US tariff puts Indian auto components, tyre exporters on edge

  • Industry News
  • Aug 07,25
A 25 per cent US tariff on Indian imports strains tyre and auto component exports, while domestic sales in June 2025 show mixed trends across passenger, commercial, and two-wheeler segments.
US tariff puts Indian auto components, tyre exporters on edge

The recent imposition of a 25 per cent tariff by the United States on Indian imports has raised alarm across India’s automotive and tyre sectors, both of which hold significant export exposure to the US market. With the US accounting for 27 per cent of India’s auto component exports and 17 per cent of tyre exports, the tariff increase puts Indian manufacturers at a competitive disadvantage to Asian peers like Japan, Vietnam, and Indonesia, which face lower or preferential duties.

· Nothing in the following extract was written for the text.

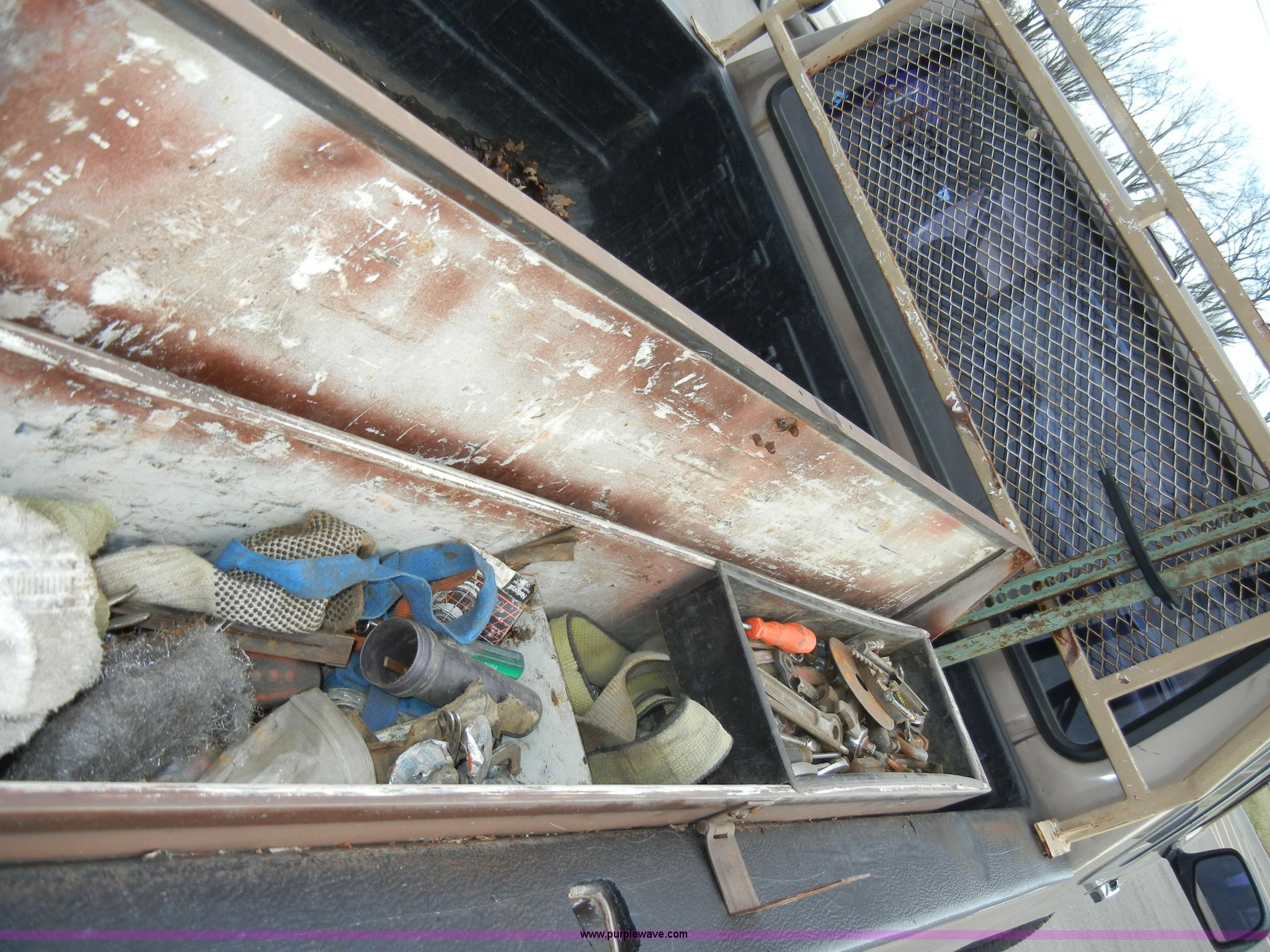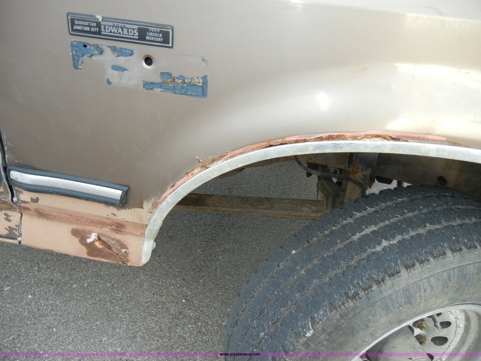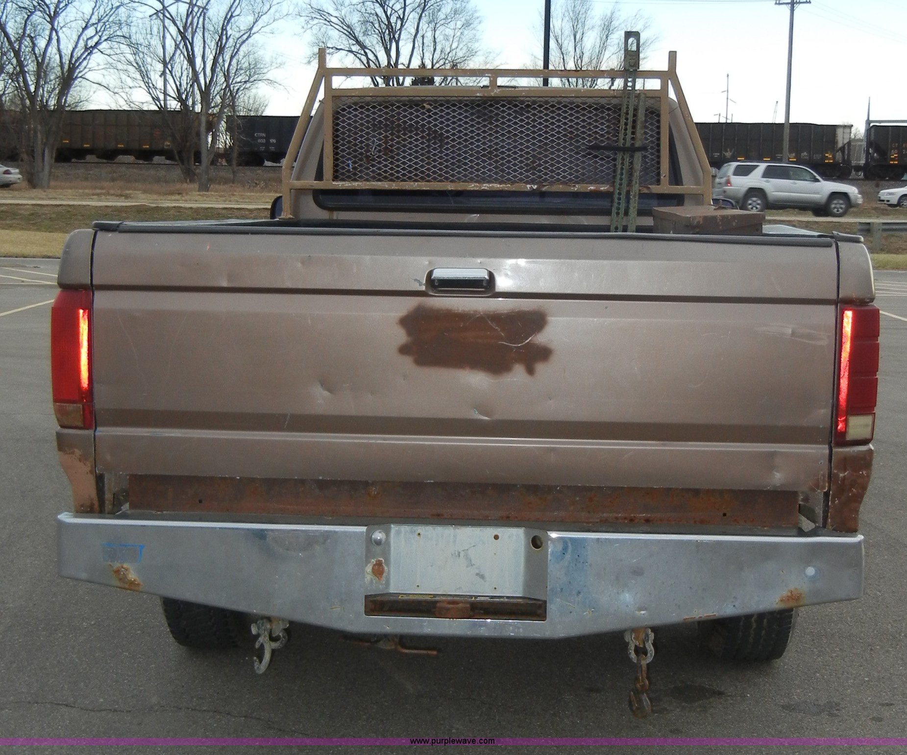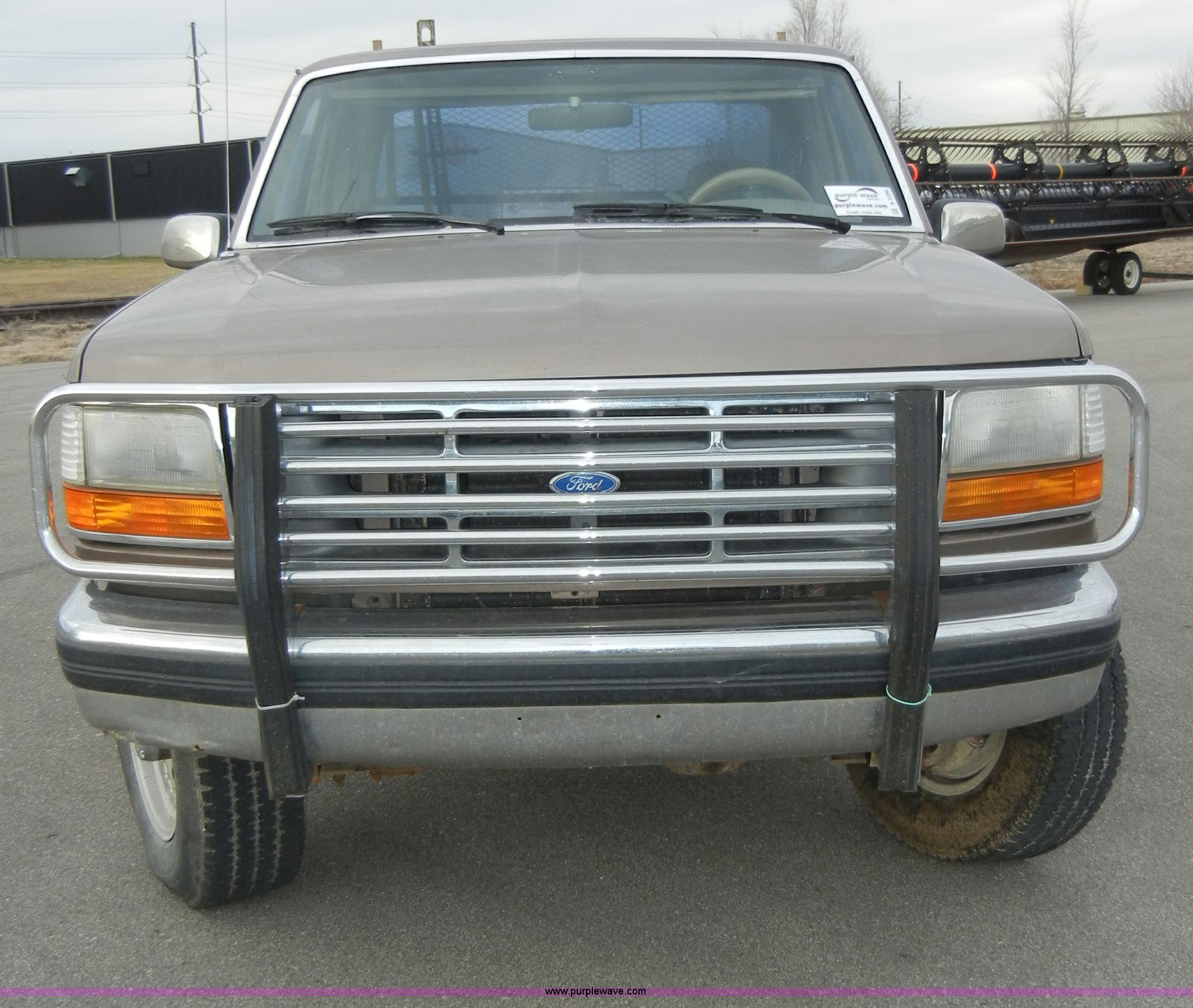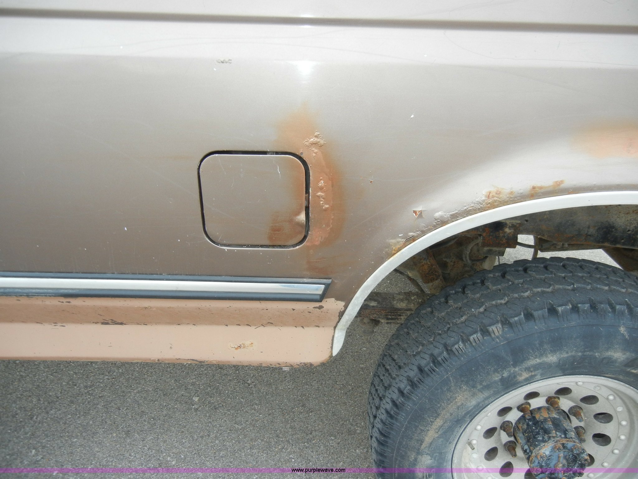 Purple Wave is selling a used Passenger Vehicle in Kansas. This item is a 1992 Ford F250 XLT Supercab pickup truck with the following: 231,681 miles on odometer, 5.8L V8 EFI engine, Automatic transmission, Four wheel drive, AC and heat, Tilt, Cruise, AM/FM, Power windows and locks, Cloth bench seat, Grill guard, Bed liner, Toolbox with assorted tools, Dual fuel tanks, Pin hitch, Trailer wiring, 245/75R16 tires, Recently replaced battery, Chains and cables included, Shifter needle inoperable, Cracked dash, Body rust, Interior/exterior cosmetic damage, Dents and scratches, Bad brakes, Seized vehicle

As per ICRA, the tariff hike may weaken the competitiveness of Indian suppliers, particularly in off-highway and replacement tyre categories, as well as various auto components. Indian tyre exporters, once enjoying a slight edge over Chinese counterparts, may now see that advantage eroded due to favourable tariff structures offered to other Southeast Asian nations. Auto component exporters highly reliant on the US are likely to explore geographical diversification and cost efficiency measures to mitigate impact.

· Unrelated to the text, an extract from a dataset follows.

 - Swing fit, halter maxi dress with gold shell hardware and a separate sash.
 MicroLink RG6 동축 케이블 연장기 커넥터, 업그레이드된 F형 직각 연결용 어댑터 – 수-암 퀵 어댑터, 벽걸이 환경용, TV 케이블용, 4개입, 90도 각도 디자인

At home, the Indian auto sector’s performance in June 2025 presented a mixed outlook.

Passenger Vehicles (PVs)
Passenger vehicle wholesale volumes dropped 9 per cent month-on-month and 7 per cent year-on-year amid macroeconomic pressures and weak buyer sentiment, despite festive offers and steady SUV demand. Q1 FY2026 PV wholesale volumes saw a 1.4 per cent YoY dip, though retail sales remained stable. FADA reported inventory levels rising to 55 days by end-June. SUVs made up 65–66 per cent of total PV sales, with utility vehicles expected to be future growth engines.

ICRA forecasts a 1–4 per cent wholesale growth in FY2026, aided by festive season recovery and new launches, although supply constraints, including limited rare earth magnets for EVs, could hamper momentum. Export volumes rose 14 per cent sequentially in June, driven by Maruti Suzuki and Hyundai, though forex shortages and inflation in African markets pose export risks.

Commercial Vehicles (CVs)
The CV segment showed varied trends. Wholesale volumes dropped 3.8 per cent YoY in June and 1.7 per cent YoY in Q1 FY2026. However, retail volumes increased 6.6 per cent YoY in June, hinting at dealership inventory correction. Light commercial vehicle (LCV) retail volumes climbed 8.8 per cent YoY, with FY2026 wholesale growth expected at 3–5 per cent YoY. The LCV space faces pressure from electric three-wheelers and demand for used vehicles.

Medium and heavy CVs (M&HCVs) showed 3.4 per cent YoY retail growth in June, while sequential volumes slipped 7.4 per cent. ICRA expects M&HCV wholesale growth of 0–3 per cent in FY2026. The bus segment is projected to outperform with 8–10 per cent YoY growth on the back of replacement demand. Overall CV wholesale volumes are anticipated to rise 3–5 per cent YoY in FY2026, driven by infrastructure spending and steady economic conditions.

Two-Wheelers (2Ws)
The two-wheeler industry experienced a 4.3 per cent YoY and 4.8 per cent sequential drop in wholesale volumes in June 2025, totalling 1.5 million units. However, retail volumes rose 5.1 per cent YoY, supported by rural and semi-urban demand, though sequential demand slowed due to the monsoon. Exports posted a strong 34 per cent YoY growth, albeit from a low base. Foreign exchange shortages and inflation in countries such as Nigeria still pose headwinds. 

ICRA estimates 6–9 per cent YoY wholesale growth in FY2026 for 2Ws, supported by replacement demand, improved urban activity, and good rural incomes thanks to a normal monsoon. Electric two-wheelers (e2Ws) registered modest 5 per cent sequential growth in June, reaching 105,282 units. e2W penetration held steady at 6–7 per cent of total 2W sales.

Outlook
With global trade volatility and pending negotiations over a bilateral India-US trade deal, India’s auto and tyre sectors face headwinds in FY2026. However, infrastructure-led demand and festive tailwinds may partly cushion domestic markets.

While inventory overhang, supply chain constraints, and macroeconomic uncertainty continue to challenge the domestic auto market, retail demand remains steady. ICRA anticipates moderate growth across all major vehicle segments in FY2026, with stronger prospects for buses and two-wheelers due to favourable economic and seasonal factors.